The second version follows IA principles: hierarchy is explicit, related content is grouped, the task is separated from the context. The model knows where to find what it needs. The output is more consistent and easier to verify.

The Parallel to Information Architecture

In traditional IA, you organize content for a human audience that navigates actively — they scroll, scan, click. In context engineering, you organize content for a model that processes linearly with attention mechanisms. The mechanisms differ, but the design principles converge:

Put the most important thing first. In a system prompt, lead with the role and the single most important constraint. In a user message, state the task before the context.

Group related things. XML tags in prompts are not a stylistic preference — they're grouping mechanisms. <constraints> tells the model that everything inside is a constraint. Without grouping, the model has to infer relationships from proximity.

Don't bury the lead. If there's one thing the model must do — or must not do — it should not be in the middle of a long paragraph. It should be at the top, explicit, isolated.

Eliminate redundancy. Every redundant instruction dilutes the signal of every other instruction. If you say "be concise" three times, the model is not three times as concise — it's trying to figure out why you said it three times.

Practical Techniques

Structured XML works well for separating concerns in system prompts. Role, constraints, context, examples, and task are distinct concerns — tag them distinctly.

Role-based context means giving the model a specific identity rather than generic instructions. "You are a senior TypeScript engineer reviewing a PR for correctness" produces different (and usually better) behavior than "review this code."

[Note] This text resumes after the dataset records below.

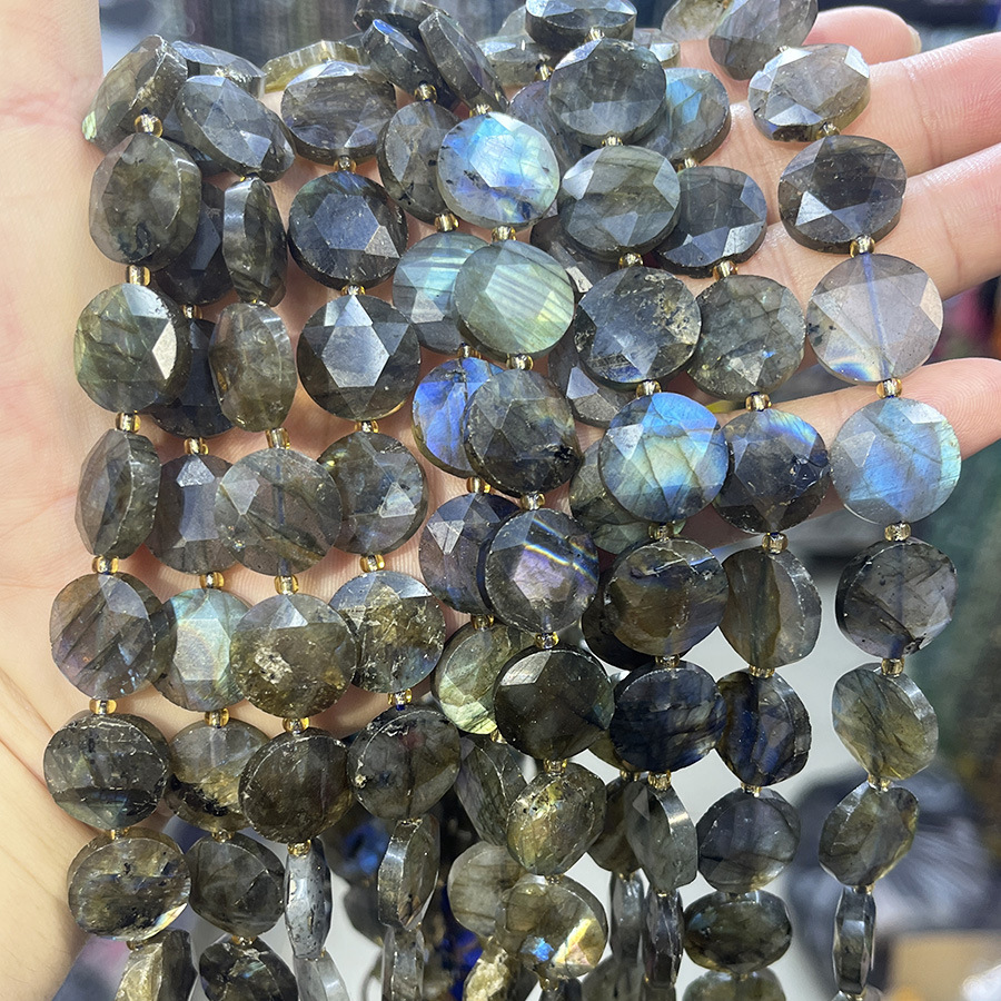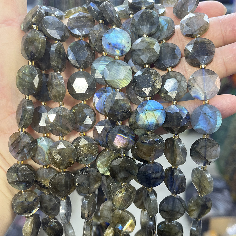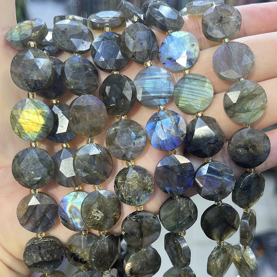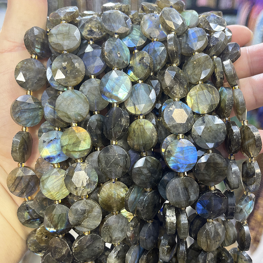 Labradorite Helmet, Litteä pyöreä, tee-se-itse, sekavärit, 15mm, Myyty Per 38 cm Strand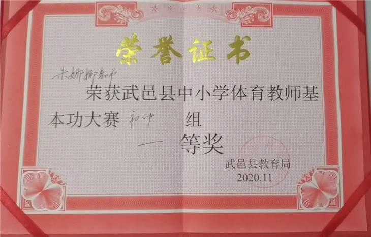 朱娜娜老师荣获武邑县中小学体育教师基本功大赛初中组一等奖;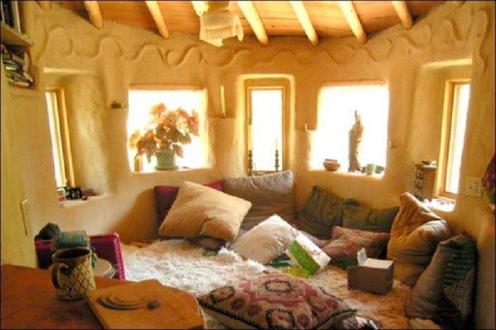 Subject to an ordinary city apartment for the formation of ceilings and walls, you can also limit yourself to decorating external coating imitating ordinary clay with ordinary straw. It is easy to apply to plaster, concrete, wood, drywall, hides the irregularities and defects of the walls (partitions).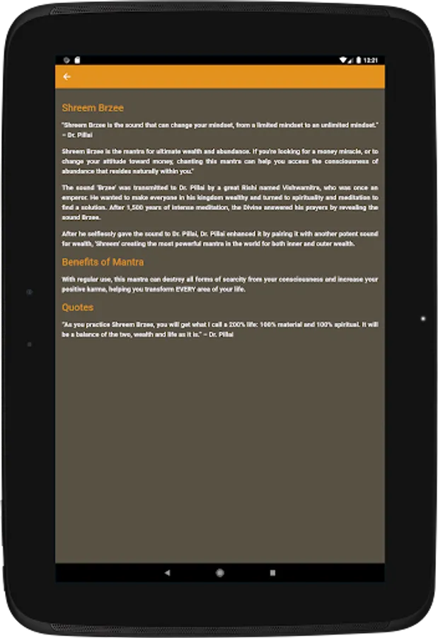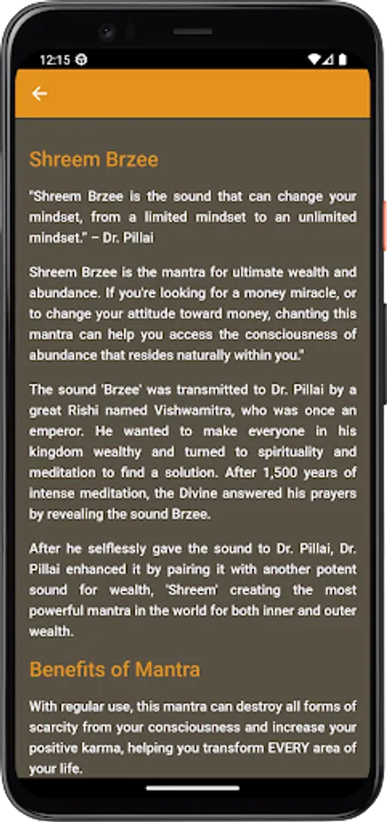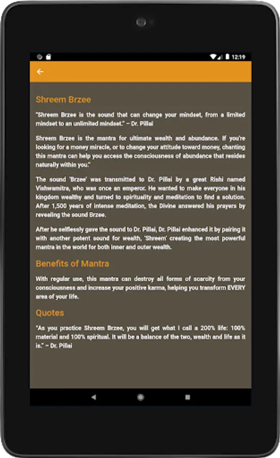 Shreem Brzee is a special App (application), which helps you stay connected with Lakshmi, the Goddess of wealth and be surrounded with her positive vibrations through the ultimate wealth mantra — the Shreem Brzee. This App features the mantra to be played exclusively during the Venus Hora (power time of Goddess Lakshmi) every day in your own recorded voice or in Dr. Pillai’s mesmeric voice. The App features divine mantras for Goddess Lakshmi such as Lakshmi Gayatri mantra, Soundarya Lahari, Kanaka Dhara mantra and many more, both for free and paid usage.

Task decomposition means breaking a complex task into explicit steps in the prompt rather than describing the end state and hoping the model finds the path. "First, identify all functions that mutate state. Then, for each one, check whether it handles null inputs" is more reliable than "review this file for state mutation bugs."

Retrieved documents last — put context documents after the task statement, not before. The model should read the task first and then know what to look for in the documents.

Context engineering is IA. The audience is a model, not a person, but the practice of organizing information for a reader who can only see what you give them — and who will act on what they find — is the same discipline. Apply the same rigor.